WHAT THE TASK REQUIRES:
Retype the listing exactly, with no images.

EXERCISE INPUTS:
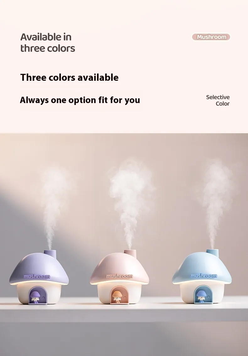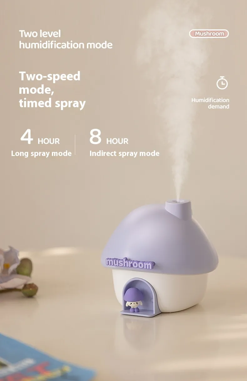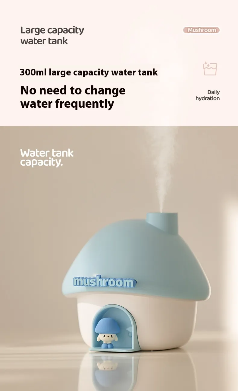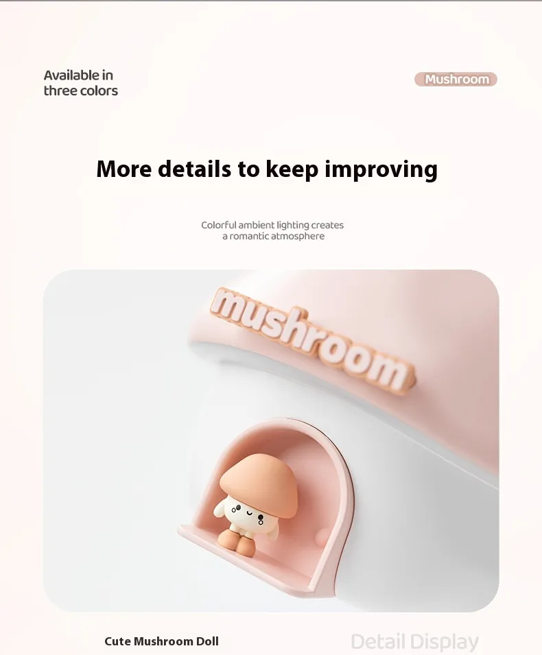 With its charming mushroom design, this humidifier doubles as a decorative piece, adding a touch of whimsy and personality to your room.
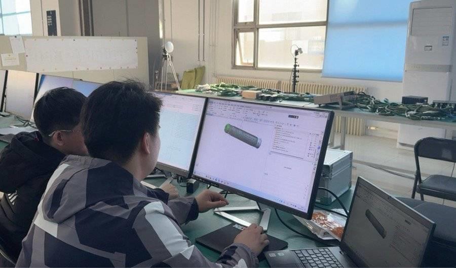 箭元科技工作人员展示试验火箭头段的货运仓。
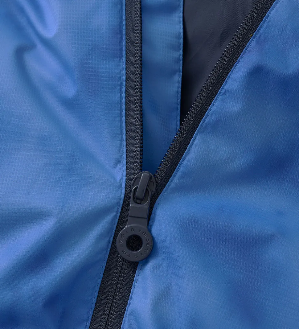 Minymo regnjakken har en aftagelig hætte, som sidder fast med trykknapper, og den har en elastikindsats øverst i ansigtsåbningen. Ærmerne er med praktiske elastikkanter.
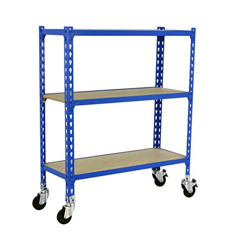Simon Rack Étagère Rangement en Route à 3 Niveaux en Boix, 75 kg Capacité de Charge et Point de Flexion, 975x800x300 mm, Étagère Charge Lourde, Étagère Garage, Bleu/Bois - Maderclick
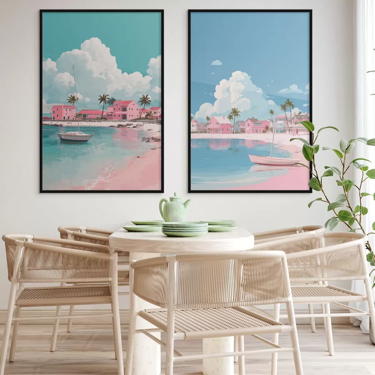 Poster Plage d'été rose avec soleil, voilier et maisons Nr d00479
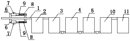 本實用新型具有以下優點:通過采用MBR處理和超濾的處理,使水中的COD、懸浮物等指標將大幅降低,通過在MBR裝置前部增設添加藥劑的沉淀裝置,降低了MBR裝置的處理工作量,處理效果更佳有保證。實現了固體藥劑的自動添加,并且添加量與水流流速成正比。

OUTPUT OF THE EXERCISE:
 With its charming mushroom design, this humidifier doubles as a decorative piece, adding a touch of whimsy and personality to your room.
 箭元科技工作人员展示试验火箭头段的货运仓。
 Minymo regnjakken har en aftagelig hætte, som sidder fast med trykknapper, og den har en elastikindsats øverst i ansigtsåbningen. Ærmerne er med praktiske elastikkanter.
Simon Rack Étagère Rangement en Route à 3 Niveaux en Boix, 75 kg Capacité de Charge et Point de Flexion, 975x800x300 mm, Étagère Charge Lourde, Étagère Garage, Bleu/Bois - Maderclick
 Poster Plage d'été rose avec soleil, voilier et maisons Nr d00479
 本實用新型具有以下優點:通過采用MBR處理和超濾的處理,使水中的COD、懸浮物等指標將大幅降低,通過在MBR裝置前部增設添加藥劑的沉淀裝置,降低了MBR裝置的處理工作量,處理效果更佳有保證。實現了固體藥劑的自動添加,并且添加量與水流流速成正比。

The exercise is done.